Thursday, 16 February 2012

Kimberley Rare Earths discovers large heavy rare earth prospect at Malilongue in Mozambique

Kimberley Rare Earths (ASX: KRE) has identified multiple heavy rare earth oxide (HREO) exploration targets at its 40%-owned Malilongue Project in Mozambique.

Strong comparisons have been drawn between the Malilongue project and Quest Rare Minerals’ (TSX-V: QRM) Strange Lake pegmatite-hosted deposit in northern Quebec, which hosts an Indicated Resource of 51 million tonnes at 1.16% total rare earth oxides (TREO) within a total Inferred Resource of 230 million tonnes at 1% TREO.
General manager – exploration Geoff Collis told Proactive Investors today Kimberley Rare Earths is highly confident of defining a heavy rare earth deposit at Malilongue.

“The similarities with Strange Lake are quite remarkable and geologically it looks very similar,” he said. “All indications are at the moment that we may be onto the same kind of thing.”

Managing director Tim Dobson said Malilongue has already revealed surface mineralisation with significant xenotime-hosted critical heavy rare earth oxides.

“The recently acquired airborne geophysical and satellite data have considerably enhanced our views on the potential for Malilongue to host significant heavy rare earth deposits,” he said.

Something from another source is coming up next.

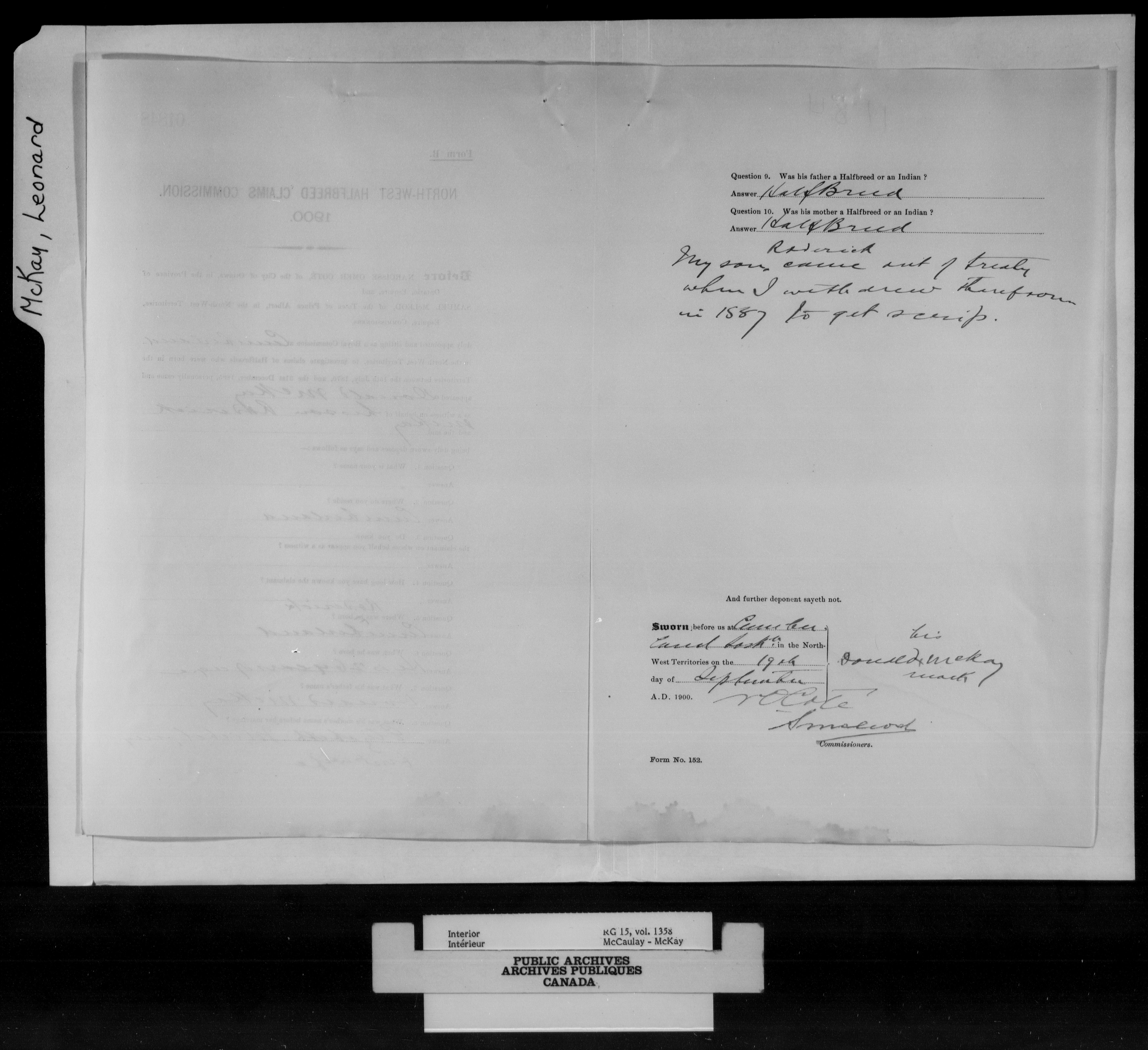 Department of the Interior, Dominion Lands Branch : North-West Territories Métis scrip applications - 14988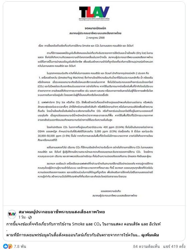 เลยอยากขอใช้โอกาสนี้ ในการแชร์ บอกต่อความเข้าใจ กับคนที่รักการมาดูคอนเสิร์ตไปเลย ว่า Dry Ice และ Smoke คืออะไร และต่างกันยังไง ผ่านเพจสมาคมเลยนะคะ”

“We are particularly excited by the Vundu prospect, which has never previously been explored for any minerals, let alone rare earths. We plan to mobilise field crews as soon as weather permits.”

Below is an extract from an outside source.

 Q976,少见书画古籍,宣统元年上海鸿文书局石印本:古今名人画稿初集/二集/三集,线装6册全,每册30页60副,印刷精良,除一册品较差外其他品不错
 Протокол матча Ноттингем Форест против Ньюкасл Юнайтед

The largest and highest priority target has been named the Vundu prospect and measures 3 kilometres in strike with total count activity levels that peak at eight times background.

The size and location of this anomaly are considered geologically significant being located on the margins of the intrusion where pegmatite-hosted HREO mineralisation is expected to occur.

No previous exploration has been conducted over this area. Kimberley Rare Earths is now planning to conduct ground radiometric surveys, soil geochemistry and geological mapping programs to define targets for reverse circulation drill testing.

This is expected to begin in March, following the current wet season.

High resolution aeromagnetic/radiometric data flown in 2008 by Kimberley Rare Earths’ joint venture partner Great Western Mining has been acquired and reprocessed to reveal considerable HREO potential within the project tenure.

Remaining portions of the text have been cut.